Knocking the Lock Off the Gate at the Flossenbürg Concentration Camp; April 23, 1945

The documented first arrival of American soldiers at Flossenbürg Concentration Camp was of the 90th Infantry Division at 10:30 A.M. on April 23, 1945. There is no documentation of the arrival of soldiers from the 97th Infantry Division, but there are several items that taken together indicate very strongly that various personnel of the 97th Infantry Division also were at the camp on April 23rd and probably were the first to arrive. There is anecdotal evidence of nine (9) individuals of the 97th that were there and with five (5) of them specifically identified. (This information was put together by Bob Hacker during several 97th M. P. Platoon reunions in the late 1990’s and from several telephone calls.)
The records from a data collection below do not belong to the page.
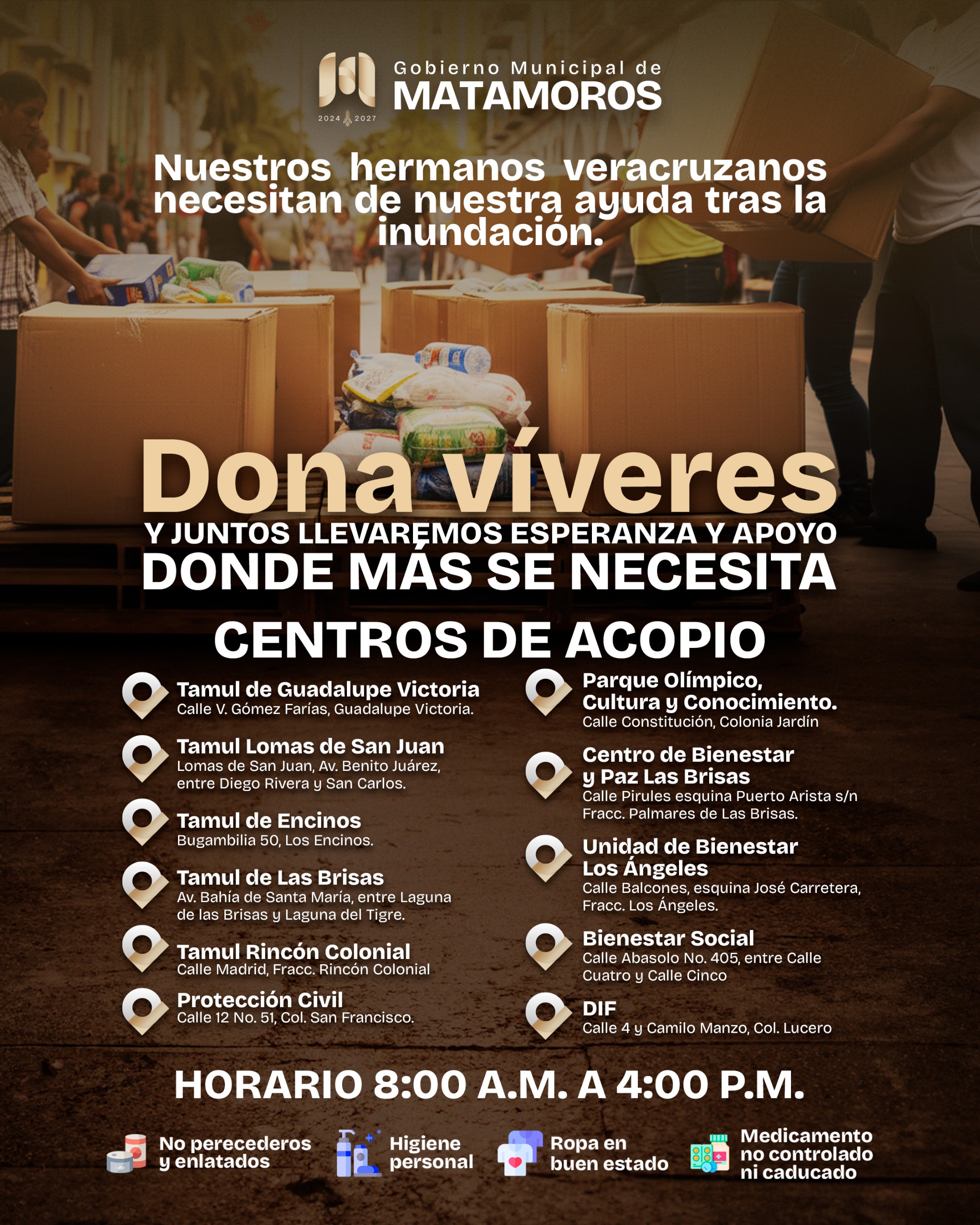 Matamoros, Tamaulipas.– El Gobierno de Beto Granados convoca a la ciudadanía a sumarse a la colecta de víveres para apoyar a las familias veracruzanas afectadas por las recientes inundaciones. Se recibirán alimentos no perecederos, artículos de higiene personal, ropa en buen estado y medicamentos que no estén caducos ni sean de control especial.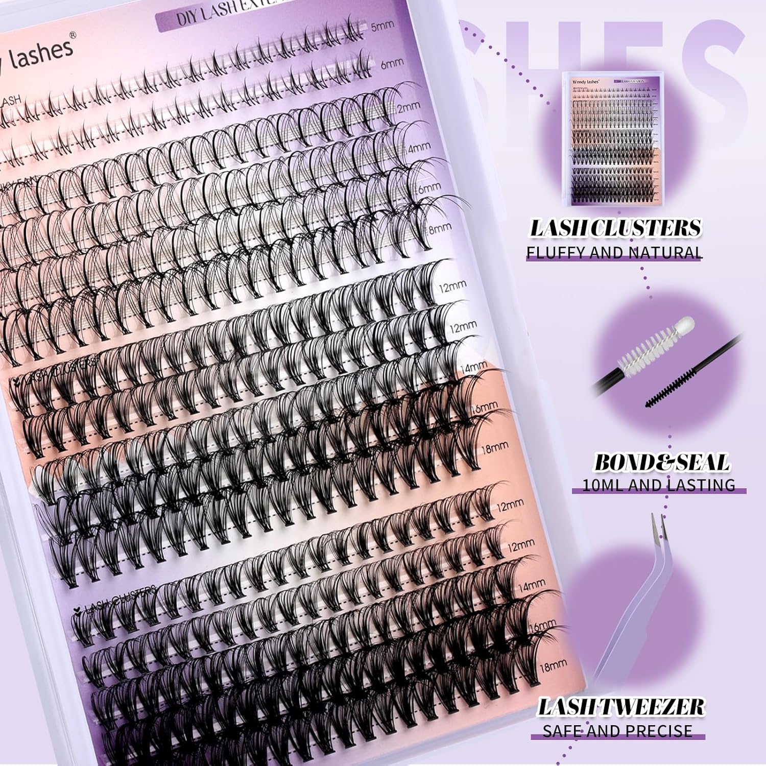 - DIFFERENT STYLES OF COMBO TRAYS: Our lash cluster kits come with four different styles of lashes, whether you want natural or thick, fox eyes or doll eyes, with a mix of lengths ranging from 12-18mm to meet any of your needs.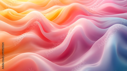 Colorful waves flow across a soft surface, blending shades of orange, pink, and purple, creating an abstract visual effect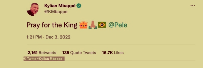 Câu lạc bộ Santos nơi Pele từng thi đấu, cựu danh thủ Rivaldo và tiền đạo người Pháp Kylian Mbappe là ba trong số đông đảo cá nhân và tập thể trên khắp thế giới đã cùng nguyện cầu, chúc sức khỏe và mong Pele vượt qua cơn bạo bệnh.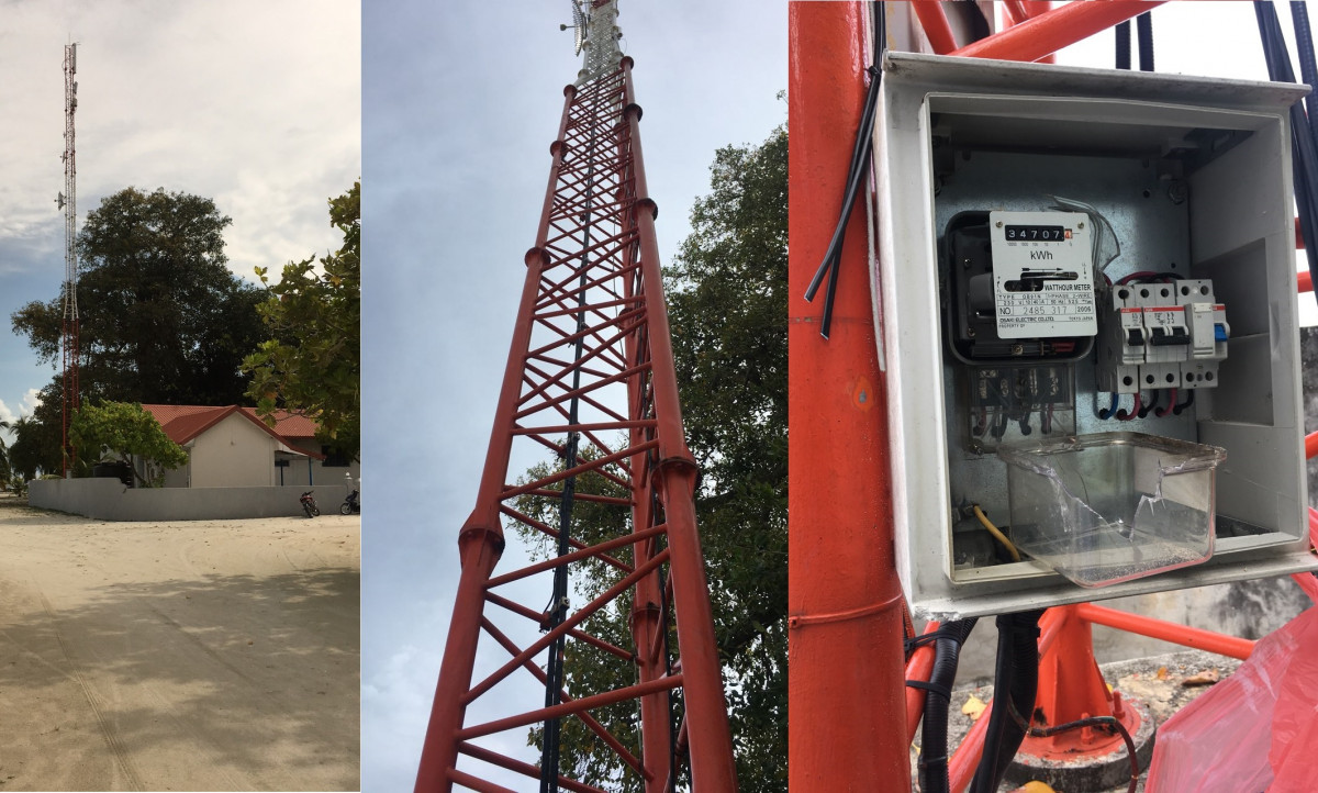 A telecommunication tower set up near the power house in Olhuvelifushi island has been struck by lightning, causing a power outage there on Wednesday.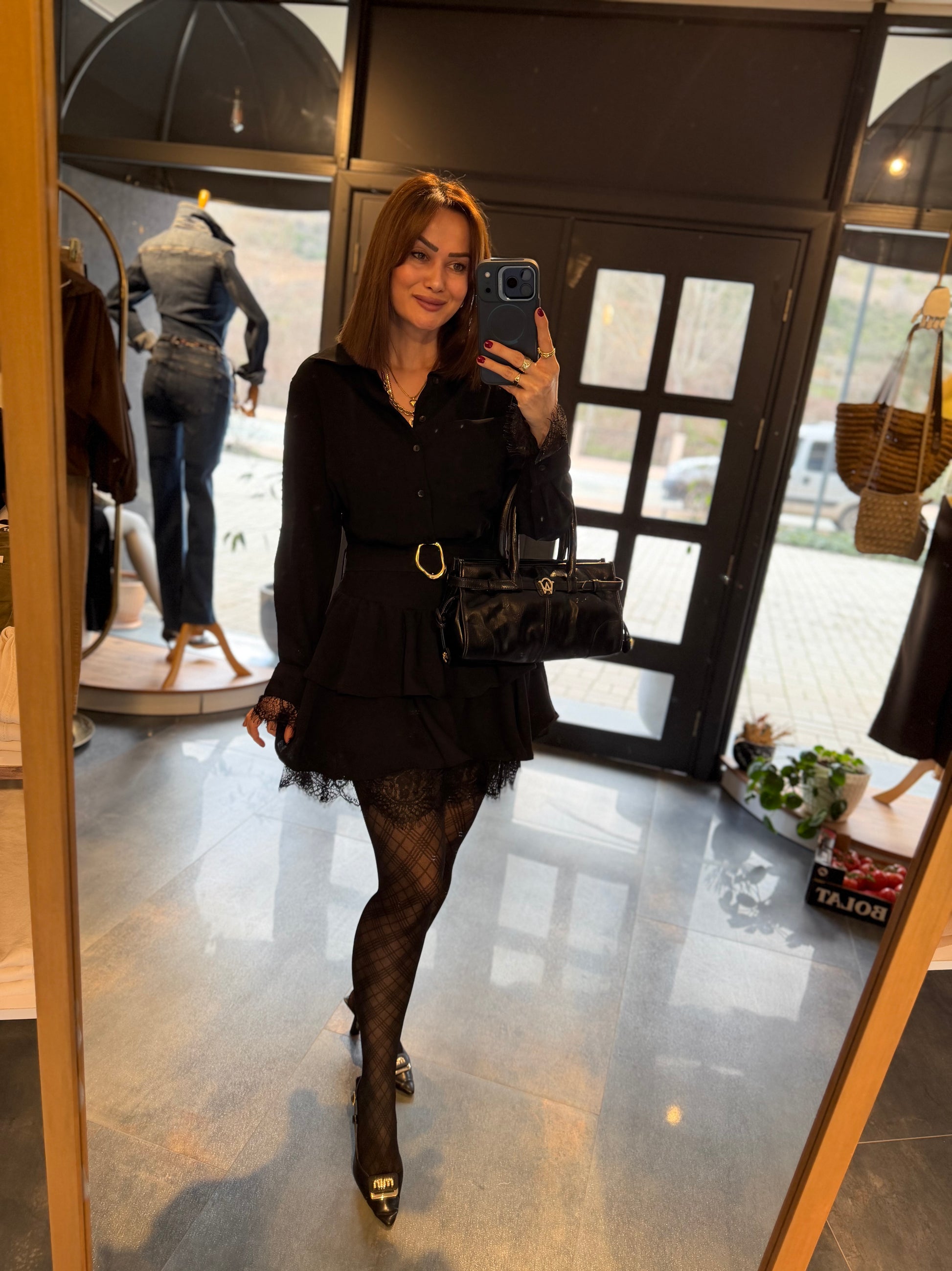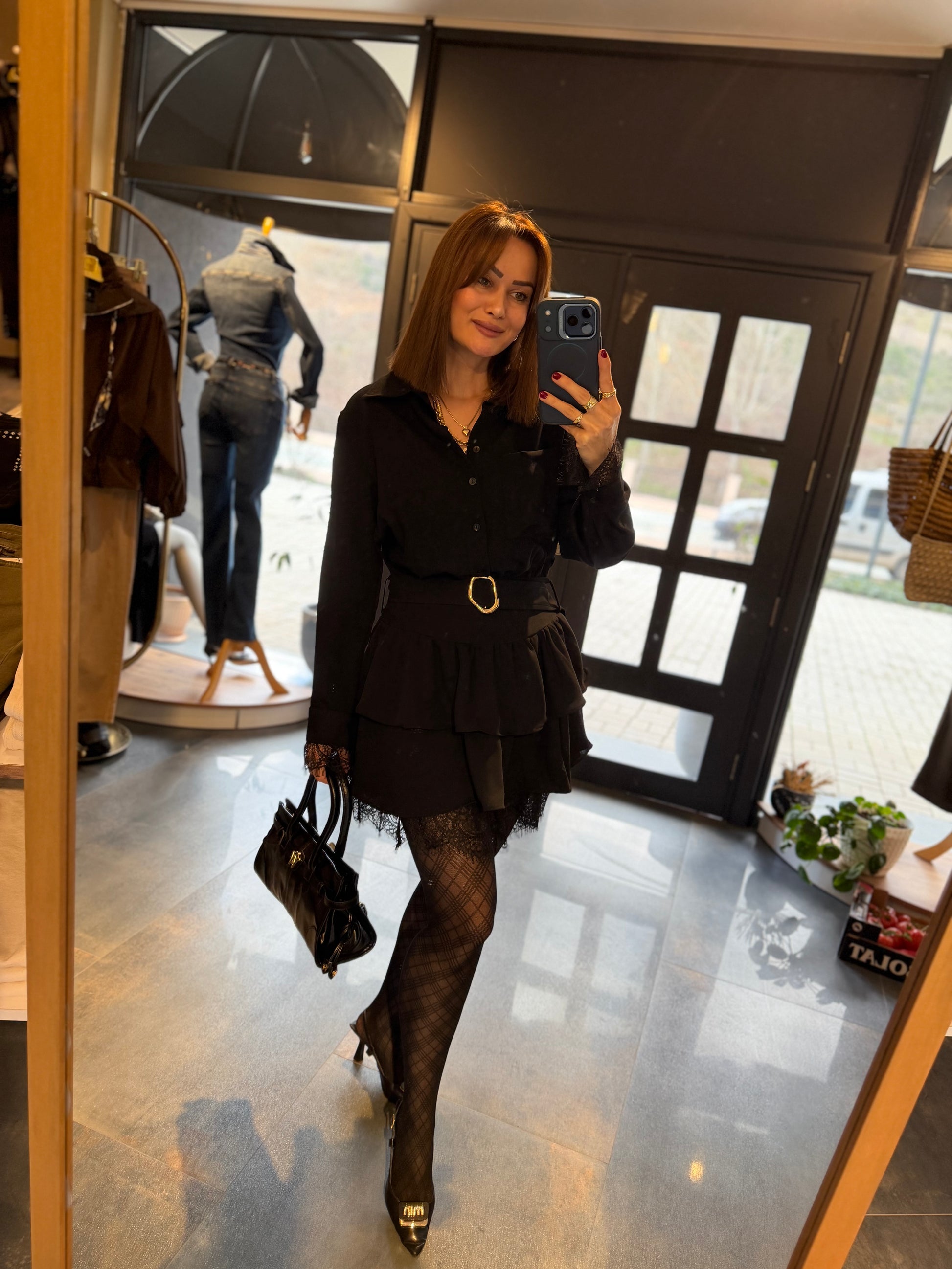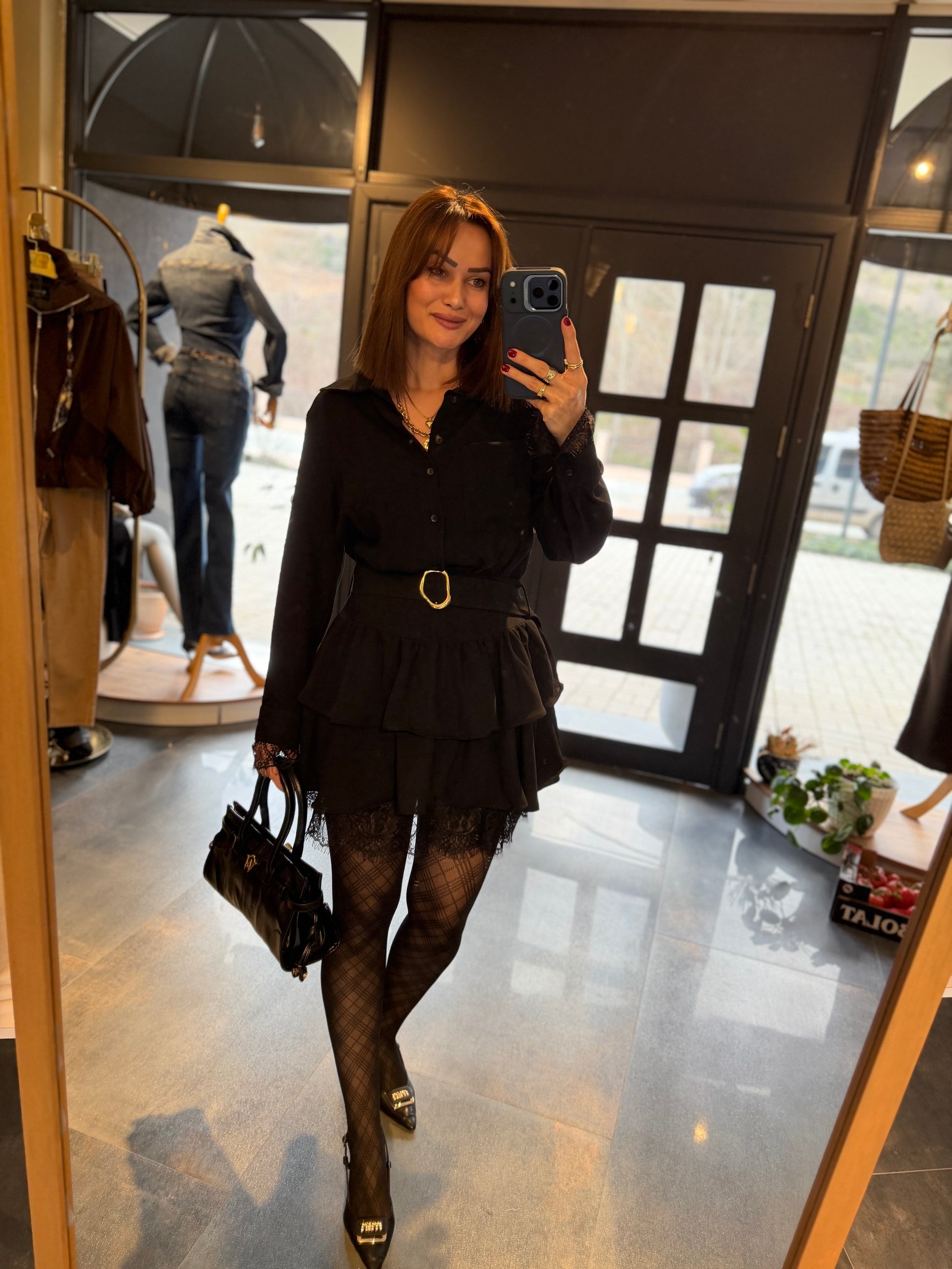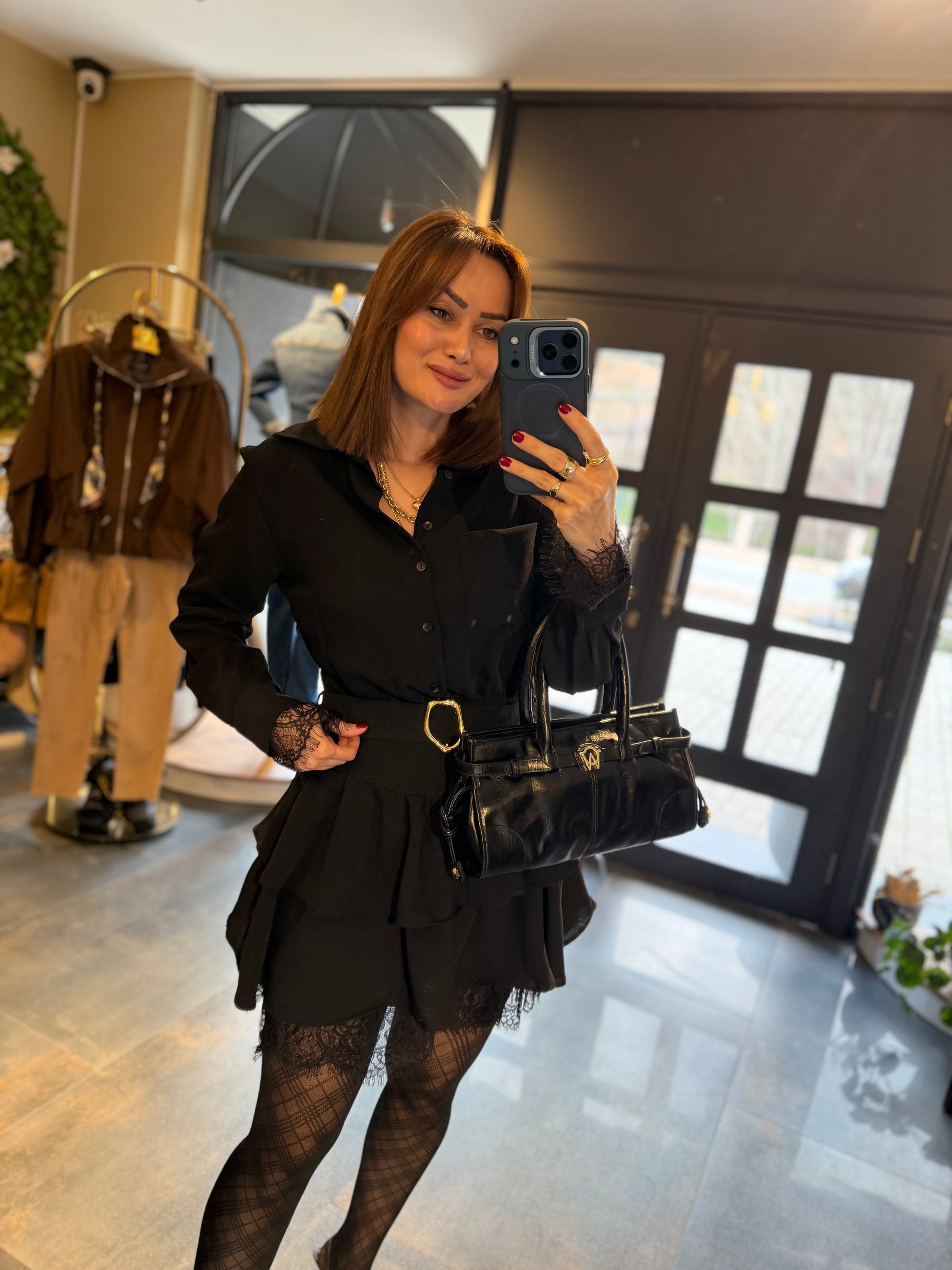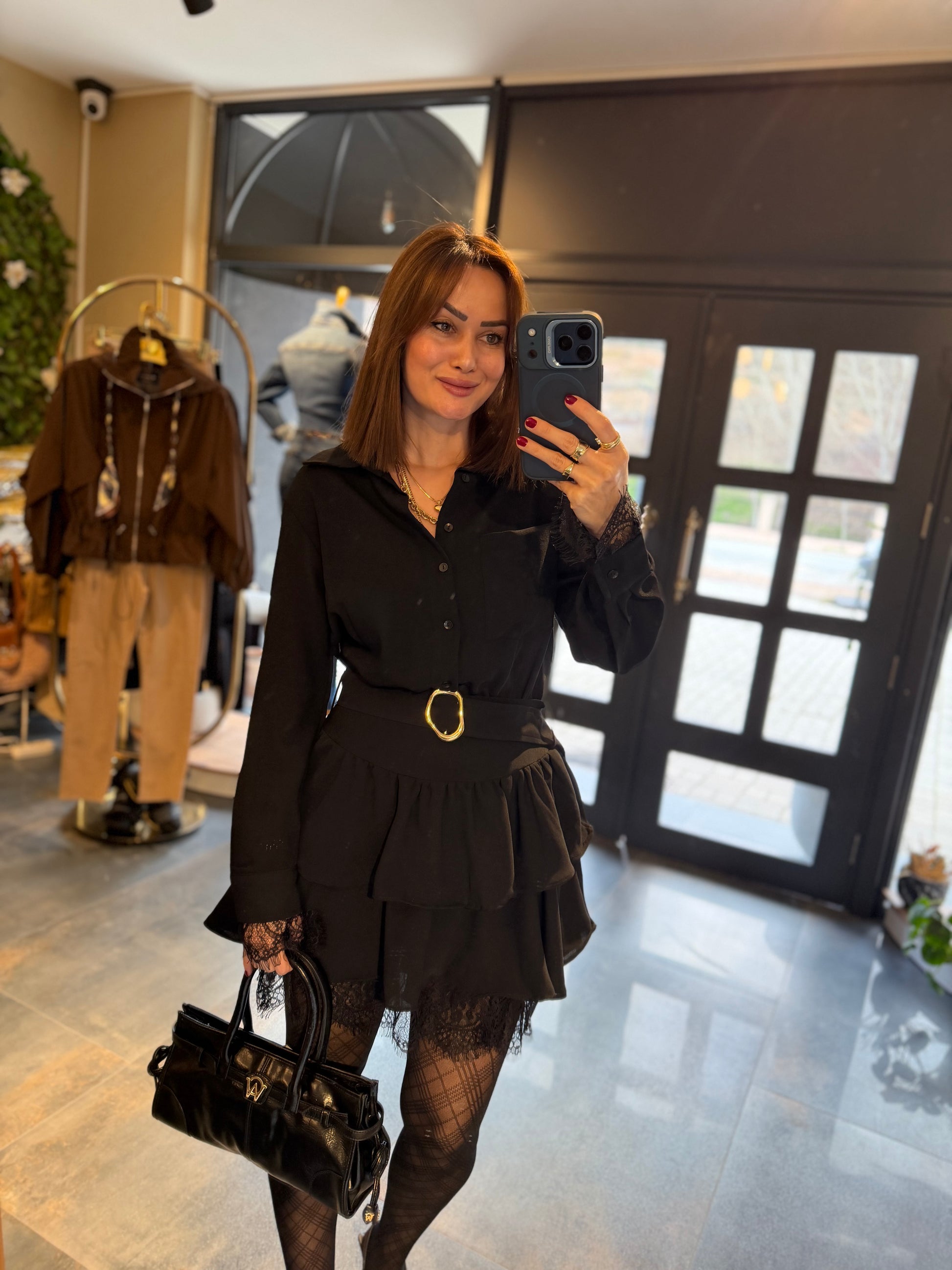 Angeles Siyah Dantel Detaylı Elbise

• From a copy of the log of the 2nd Battalion, 303rd Infantry Regiment, 97th Infantry Division there is an entry for 1800, 22 April, that states that they moved into position to relieve elements of the 2nd Cavalry and that the position was within the borders of Czechoslovakia. This information was received from Harold Brown, the Commanding Officer. The concentration camp was on the German side of the border, so this placed the Division forward of the camp.

• Ray Bartolo was one of a three member wire crew of the 365th Field Artillery Battalion, 97th Infantry Division. He specifically remembers being at Flossenbürg on 23 April. He has very specific memories of the camp and of talks with some of the former prisoners. Ray remembers the group at the gate was knocking off the gate lock when he and his group arrived.

• Fred Huber, a squad sergeant of the Military Police Platoon of the 97th Infantry Division, was at the camp with three jeeps; six people. Other M.P. members of the party were Russell Smith, Huber’s driver; Leonard Furnare; Allen Fink; and two others that are not identified. Huber and his squad were detailed to the 303rd Infantry Regiment for traffic control and other Military Police duties.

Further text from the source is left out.